• MATERIAL FOR THE TASK:
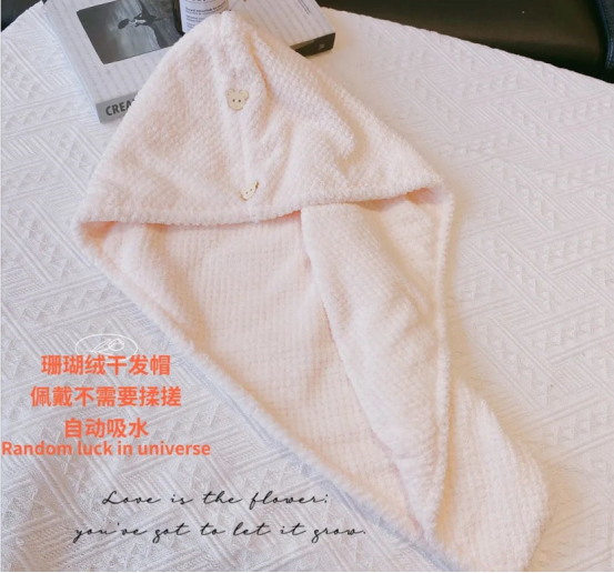 1.珊瑚绒干发帽,佩戴不需要揉搓,自动吸水,吸水量是普通毛巾的三倍,长发仙女的福音!
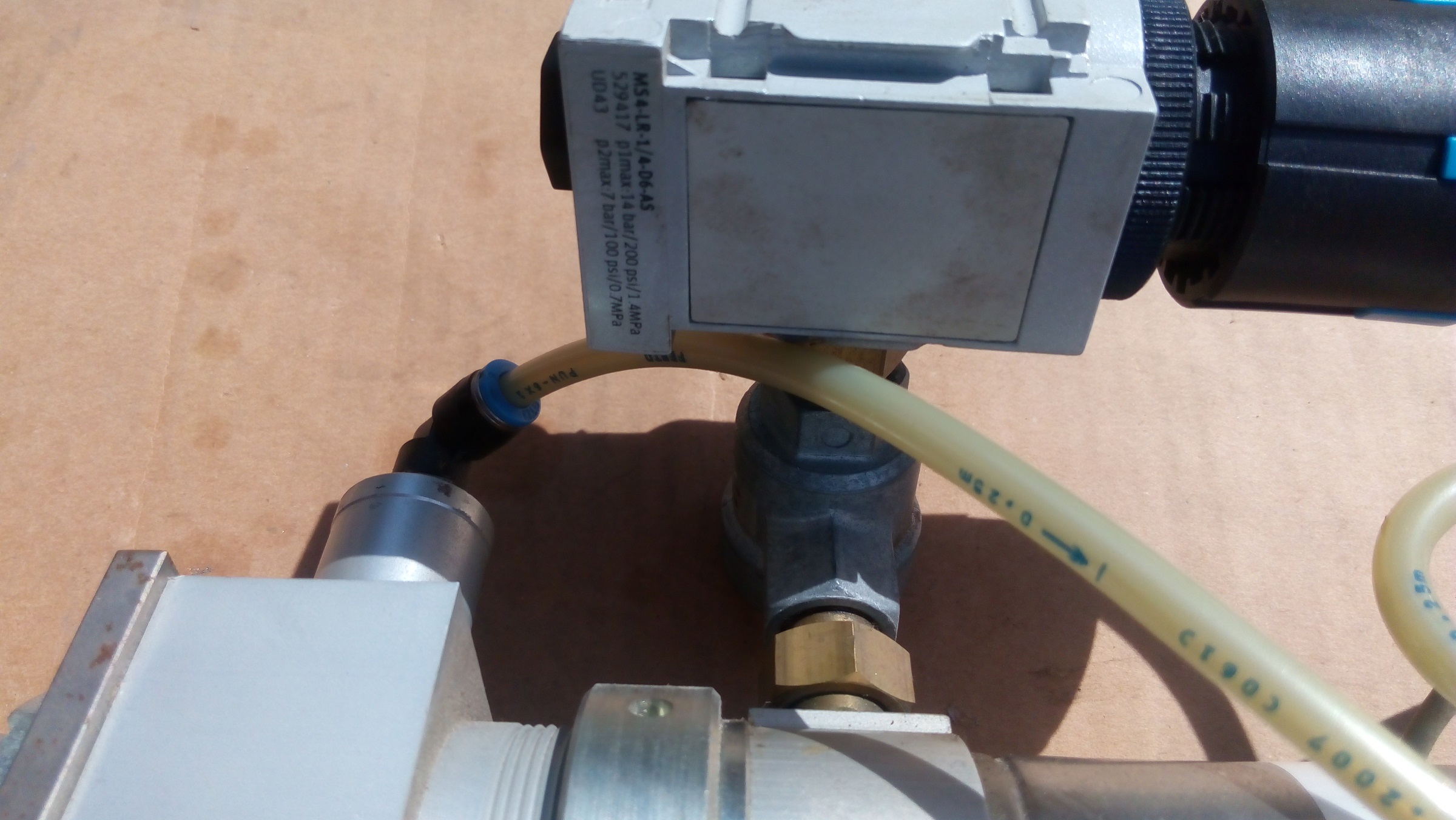 prodám 3ks této sestavy používáné původně jako protiváha - Píst s pneumatickou brzdou + EL. řízený ventil + regulátor tlaku atd... viz. přiložené foto.
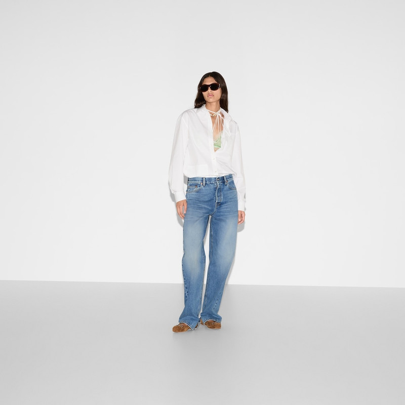 Explore the timeless appeal of Gucci jeans, a cornerstone of our luxury women's clothing collection. Every pair of Gucci jeans epitomizes the brand's dedication to superior craftsmanship and innovative design, offering a perfect blend of comfort and style.
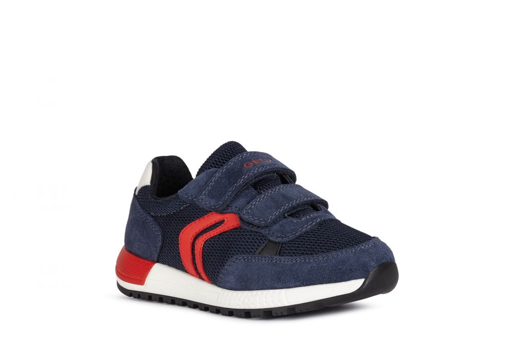 GEOX chlapecké pohodlné tenisky ve stylu retro běžeckých bot. Povrch se semišovými prvky a síťovinou. Se zapínáním pomocí suchého zipů pro snazší obutí a speciální děrovanou, prodyšnou podrážkou (technologie RESPIRA), mezipodešví EVA pro lehkost, pružnost a tlumení nárazů a s vyjímatelnou vnitřní koženou, antibakteriální stélkou - bez použití chromu.
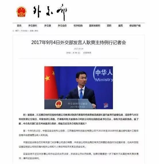 2017年9月4日,外交部发言人耿爽在例行记者会上证实,经证监会联合巴基斯坦有关部门调查,该公司所出具的有关巴政要的信函系伪造,也尚未发现证据证明,ST百特同巴境内任何公司和个人有经济关系及资金往来。
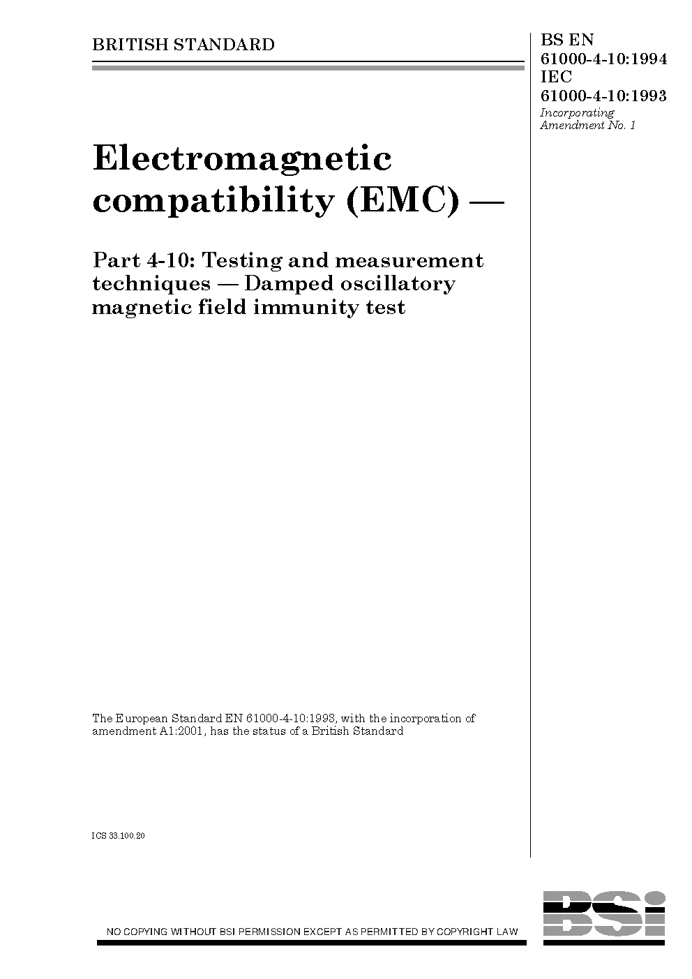 Electromagnetic compatibility (EMC) Testing and measurement techniques. Damped oscillatory magnetic field immunity test

• EXERCISE AIM: Starting at the first line of the records above, set down each line exactly through the one that holds "Explore the timeless". Omit pictures.

• YOUR SOLUTION:
 1.珊瑚绒干发帽,佩戴不需要揉搓,自动吸水,吸水量是普通毛巾的三倍,长发仙女的福音!
 prodám 3ks této sestavy používáné původně jako protiváha - Píst s pneumatickou brzdou + EL. řízený ventil + regulátor tlaku atd... viz. přiložené foto.
 Explore the timeless appeal of Gucci jeans, a cornerstone of our luxury women's clothing collection. Every pair of Gucci jeans epitomizes the brand's dedication to superior craftsmanship and innovative design, offering a perfect blend of comfort and style.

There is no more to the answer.